Across the United States, the event type with the greatest total economic consequence is FLOOD with approximately $150,319,678,257 in combined property and crop damage.

kable(
  top_econ,
  caption = "Top 10 event types by total economic impact (property + crop damage)."
)
Top 10 event types by total economic impact (property + crop damage).

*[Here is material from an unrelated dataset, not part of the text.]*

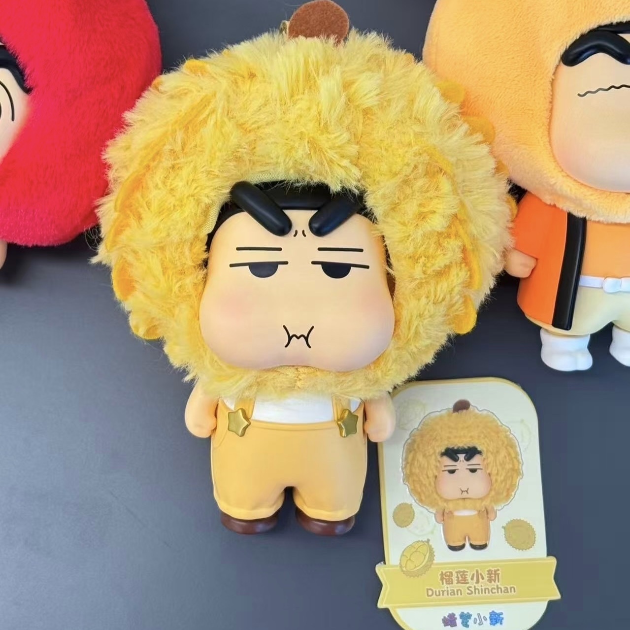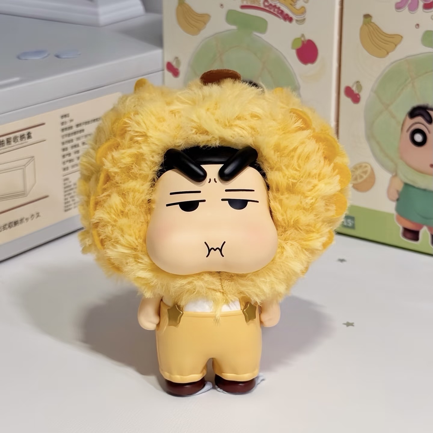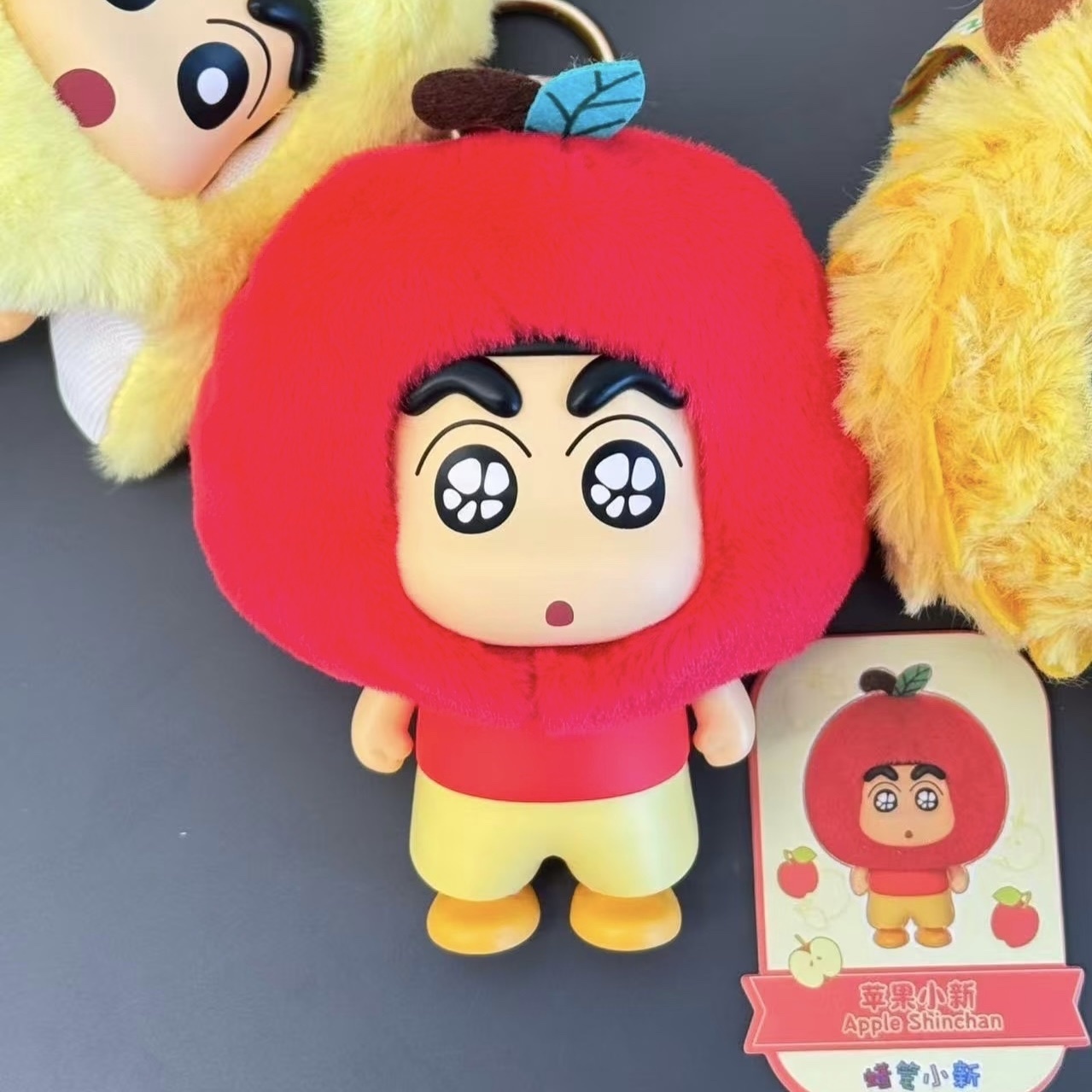 -造型特色:小新頭戴水果「屋頂」造型的頭套,頭套可穿脫。

EVTYPE total_economic_impact
FLOOD 150319678257
HURRICANE/TYPHOON 71913712800
TORNADO 57362333947
STORM SURGE 43323541000
HAIL 18761221986
FLASH FLOOD 18244041079
DROUGHT 15018672000
HURRICANE 14610229010
RIVER FLOOD 10148404500
ICE STORM 8967041360
ggplot(top_econ, aes(x = reorder(EVTYPE, total_economic_impact), y = total_economic_impact)) +
  geom_col(fill = "steelblue") +
  coord_flip() +
  scale_y_continuous(labels = dollar_format(prefix = "$", scale = 1e-9, suffix = "B")) +
  labs(
    x = "Event type",
    y = "Total economic damage (USD, billions)",
    title = "Event Types with the Greatest Economic Consequences"
  ) +
  theme_minimal()
Top 10 event types by total economic losses in the NOAA storm dataset.

Top 10 event types by total economic losses in the NOAA storm dataset.